Information supplied: Begin

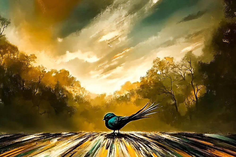Een prachtige surrealistische afbeelding met een kleurrijke vogel die schittert in een abstracte natuurlijke omgeving. De speelse penseelstreken en het dramatische lichtspel maken dit ontwerp uniek en expressief. Perfect voor liefhebbers van kunst die moderne en natuurlijke elementen combineren. Deze print brengt een unieke sfeer in elke ruimte, ideaal om een statement te maken in je interieur.
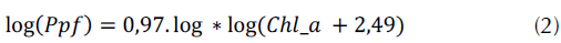 A partir de la relaciónentre la concentración de clorofila_a y la producciónprimaria fitoplantónica (calculada como mgC/m3/año), se calculó la producción primariafitoplantónica y de acuerdo con Bouliony Hakanson (2003) en la ecuación (1) se trabajaron lossiguientes algoritmos:
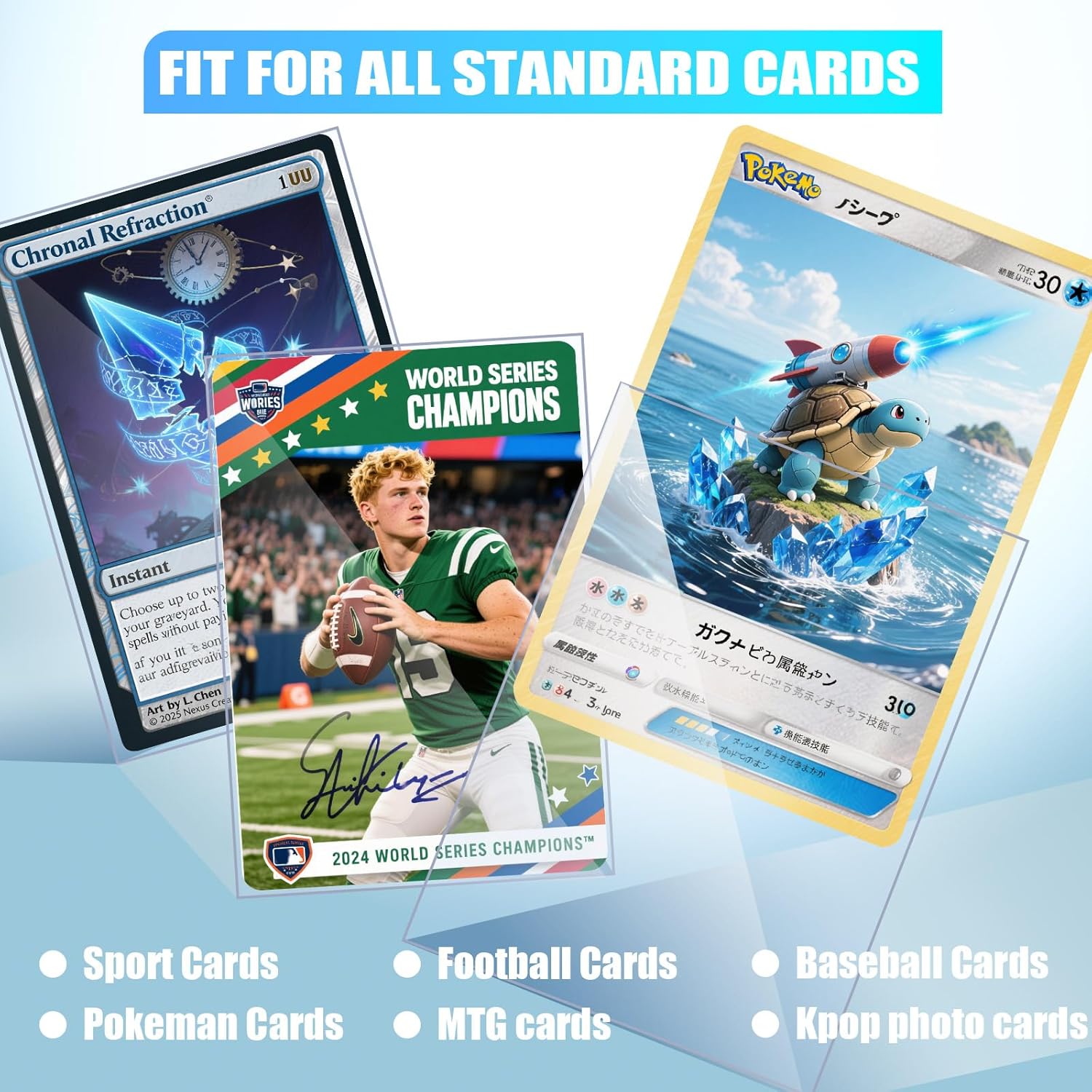 - Wide Applications: Suitable for all standard-size (2.5"x3.5")and smaller cards, including trading cards, football cards, rugby cards, basket ball cards, sports cards, game cards, MTG cards, TCG cards, business cards, idol photo cards, gift cards and more.

Information supplied: End

§ **Goal of the exercise**
For the data above, return an exact copy that contains no pictures.

§ **Answer to this task**
Een prachtige surrealistische afbeelding met een kleurrijke vogel die schittert in een abstracte natuurlijke omgeving. De speelse penseelstreken en het dramatische lichtspel maken dit ontwerp uniek en expressief. Perfect voor liefhebbers van kunst die moderne en natuurlijke elementen combineren. Deze print brengt een unieke sfeer in elke ruimte, ideaal om een statement te maken in je interieur.
 A partir de la relaciónentre la concentración de clorofila_a y la producciónprimaria fitoplantónica (calculada como mgC/m3/año), se calculó la producción primariafitoplantónica y de acuerdo con Bouliony Hakanson (2003) en la ecuación (1) se trabajaron lossiguientes algoritmos:
 - Wide Applications: Suitable for all standard-size (2.5"x3.5")and smaller cards, including trading cards, football cards, rugby cards, basket ball cards, sports cards, game cards, MTG cards, TCG cards, business cards, idol photo cards, gift cards and more.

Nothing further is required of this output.